Islam dan Budaya Arab

Islam dan Budaya Arab

Suatu ketika saya pernah menegur teman sekelas karena rambutnya gondrong. Dengan entengnya dia menjawab “Nabi aja rambutnya sepundak kok”. “Ya terus enggak mau matuhin kode etik kampus?” Jawab saya sambil beranjak pergi.

Percakapan dengan teman ketika itu mengingatkan saya dengan pemikiran cerdas Almagfurlah Prof. KH. Ali Musafa Ya’qub, MA tentang budaya Arab dan hadis. Menurut beliau, agama dan budaya adalah dua hal yang berbeda, namun adakalanya keduanya dapat berjalan seirama.

Allah Swt menurunkan wahyu di bumi Arab kepada seorang laki-laki mulia yang juga berbangsa Arab. Maka tak heran bila sumber ajaran Islam menggunakan bahasa Arab. Tidak hanya itu, pertumbuhan dan perkembangan Islam juga tidak terlepas dari budaya yang berlaku di sana.

Saat Islam datang ke nusantara, para wali songo menggunakan strategi dakwah yang tepat dan bisa diterima masyarakat, termasuk pendekatan budaya seperti wayang, tarian, lagu dll. Alhasil dakwah itu bisa diterima sehingga Islam dapat menyebar ke seluruh pelosok nusantara, bahkan Indonesia saat ini menjadi negara pertama dengan populasi muslim terbesar di dunia. Bukankah itu prestasi yang luar biasa?

Jika para wali songo saja demikian, lalu bagaimana dengan metode dakwah Nabi Saw yang membawa agama baru di tengah-tengah kaum kafir Quraisy? Apakah ketika itu Nabi Saw melepaskan diri dari seluruh budaya Arab?
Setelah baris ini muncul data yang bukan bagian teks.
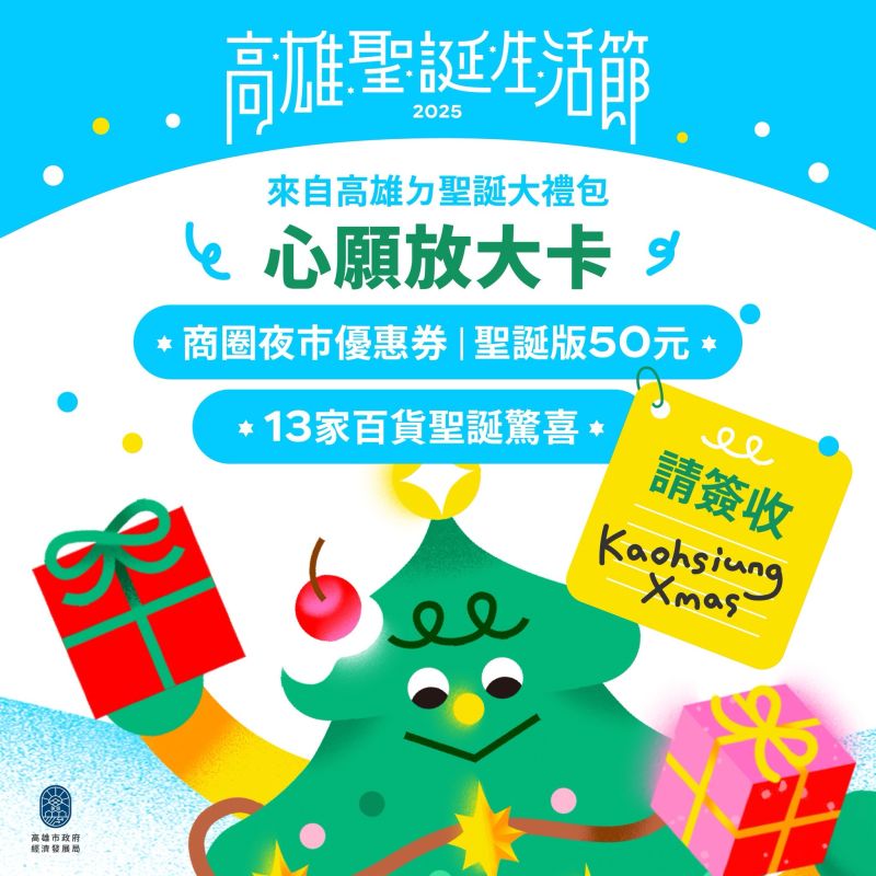南台灣最強聖誕饗宴「高雄聖誕生活節」從11月28日正式啟動,26米聖誕樹點亮中央公園,吸引每週末數萬人潮造訪!本週六至下週三(12月20日至24日)起,更將進入眾所矚目的「聖誕黃金週」,不僅有落日飛車Sunset Rollercoaster、滅火器 Fire EX.、美秀集團、麋先生MIXER、鄭宜農、韋禮安等 25 組超強卡司「連續五天」開唱,經發局更聯手高雄13家百貨公司,推出專屬高雄聖誕回饋「心願放大卡」活動,於12月20日至24日期間可至現場領取心願放大卡,即享「市集消費滿200送50元商圈夜市優惠券」及「13家百貨憑卡聖誕優惠」雙重回饋,百貨好禮包括iPhone、千元餐飲券抽獎以及直送100元購物金、旋轉木馬免費搭乘、溜冰券等多項好康,最浪漫的冬日購物指南就在高雄聖誕生活節。

Menurut Almagfurlah KH. Ali Musafa Ya’qub, kriteria agama dan budaya agar dapat dibedakan adalah:

Ajaran agama Islam dilakukan atau diamalkan oleh kaum muslimin saja. Berbeda dengan budaya yang pengamalannya dilakukan oleh kaum muslimin dan non muslim.

Misalnya surban, sebelum Islam datang, masyarakat Arab sudah menggunakan surban. Orang Islam menggunakan surban bukan karena adanya perintah dari agama, karena saat itu orang-orang kafir juga menggunakan surban. Perbedaanya, orang-orang Islam dianjurkan menggunakan qolansuwah (peci) terlebih dahulu sebelum melilitnya dengan surban. Hal ini dimaksudkan agar surbannya tidak jatuh ketika mereka shalat.
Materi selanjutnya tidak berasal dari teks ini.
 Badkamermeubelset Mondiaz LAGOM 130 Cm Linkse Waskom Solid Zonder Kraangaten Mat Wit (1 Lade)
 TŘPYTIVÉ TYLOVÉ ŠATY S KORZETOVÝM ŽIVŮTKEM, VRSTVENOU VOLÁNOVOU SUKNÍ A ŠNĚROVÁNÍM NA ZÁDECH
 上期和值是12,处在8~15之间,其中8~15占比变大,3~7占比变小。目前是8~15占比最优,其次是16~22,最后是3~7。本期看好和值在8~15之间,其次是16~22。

Pendapat bahwa surban merupakan budaya Arab juga diperkuat dengan fatwa Saudi Arabia tentang surban (Lihat Ali Mustafa Ya’qub, Cara Benar Memahami Hadis, Pustaka Firdaus, hal 94) dan juga fatwa Fadhilah al-Syaikh Muhammad bin Shalih al-Utsaimin (hal 96). Jadi kita dapat menyimpulkan bahwa surban adalah budaya Arab, bukan perintah agama sehingga menjadi sunnah. Meskipun demikian, menggunakan surban tetap diperbolehkan.

Namun ternyata menggunakan surban bisa menjadi haram hukumnya, yakni bagi orang yang hanya menggunakannya sendirian dan berbeda dari masyarakat di sekitarnya, karena hal itu bisa menjadi pakaian syuhroh (popularitas). Apalagi jika sang pemakai bertujuan agar mudah dikenal (popular) dan tumbuh dalam hatinya rasa sombong.
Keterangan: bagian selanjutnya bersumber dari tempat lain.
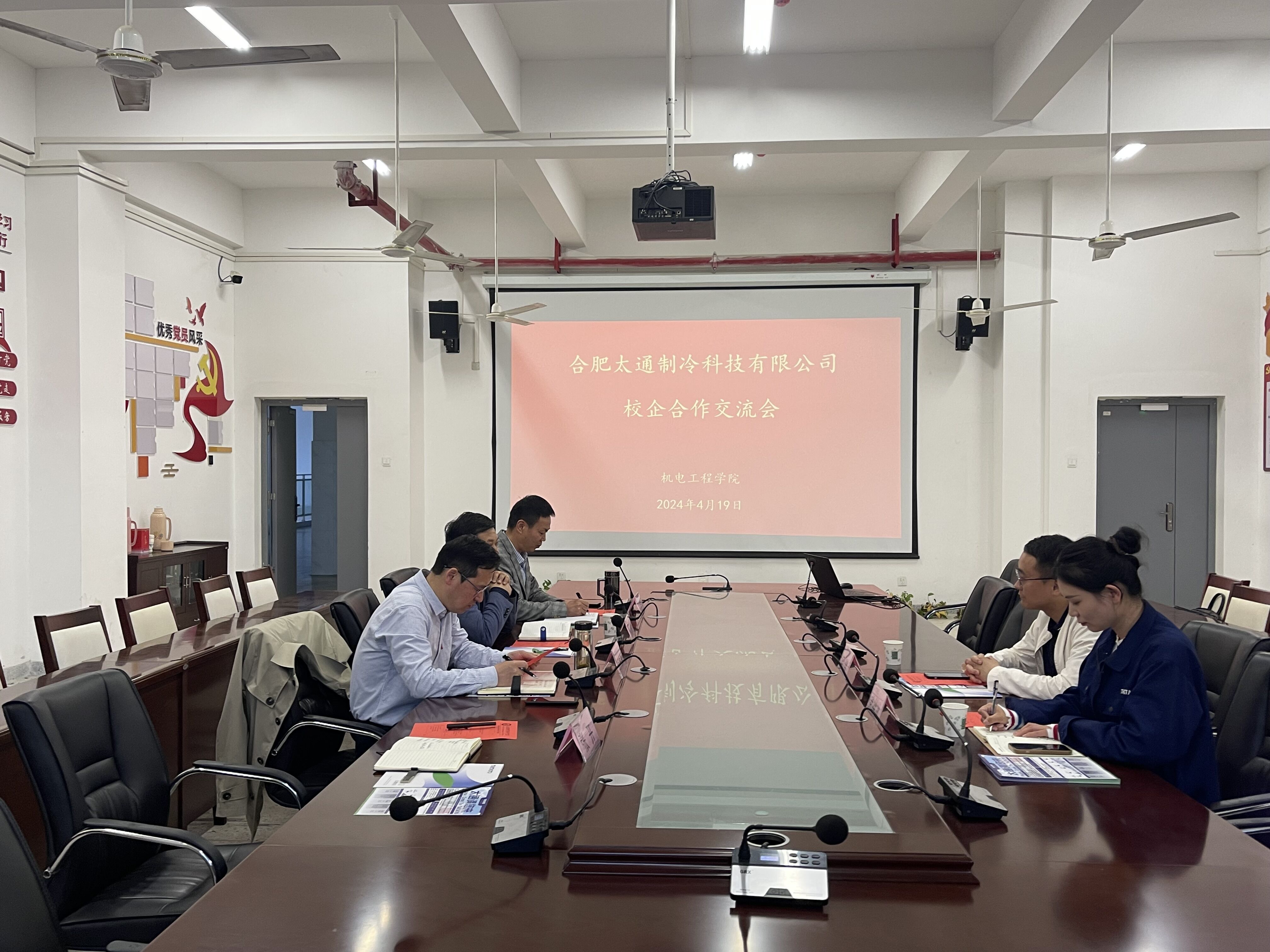 为进一步强化服务地方经济功能,推进校企合作、产教融合多元化发展,4月19日下午,合肥太通制冷科技有限公司行政总监吕涛一行来校洽谈合作事宜。校党委委员、组织人事部部长张如宝,学院院长胡木林,学院党总支副书记(主持工作)丁迎春参与此次洽谈会,会议由胡木林主持。

Beberapa budaya terkadang sudah ada sebelum Islam datang.

Misalnya al-jummah (rambut yang panjangnya sampai dua pundak), al-wafrah (rambut yang panjangnya sampai pada dua daun telinga, dan al-limmah (rambut yang panjangnya hampir menyentuh pundak). Gaya rambut seperti demikian saat itu diterapkan oleh bangsa Arab, dan terus berlanjut bahkan hingga Islam datang.

Beberapa budaya ada yang sudah muncul sebelum Islam datang, kemudian turun wahyu dan Allah Swt memerintahkan kaum muslimin untuk melakukannya. Maka setelah turun wahyu, budaya tersebut menjadi syariat Islam.

Misalnya manasik haji dan perhitungan bulan qomariyah (tahun hijriyah). Keduanya sudah menjadi tradisi semenjak masa jahiliyah dari syariat Nabi Ibrahim As. Kemudian disyariatkan oleh Islam dan diamalkan hingga kini.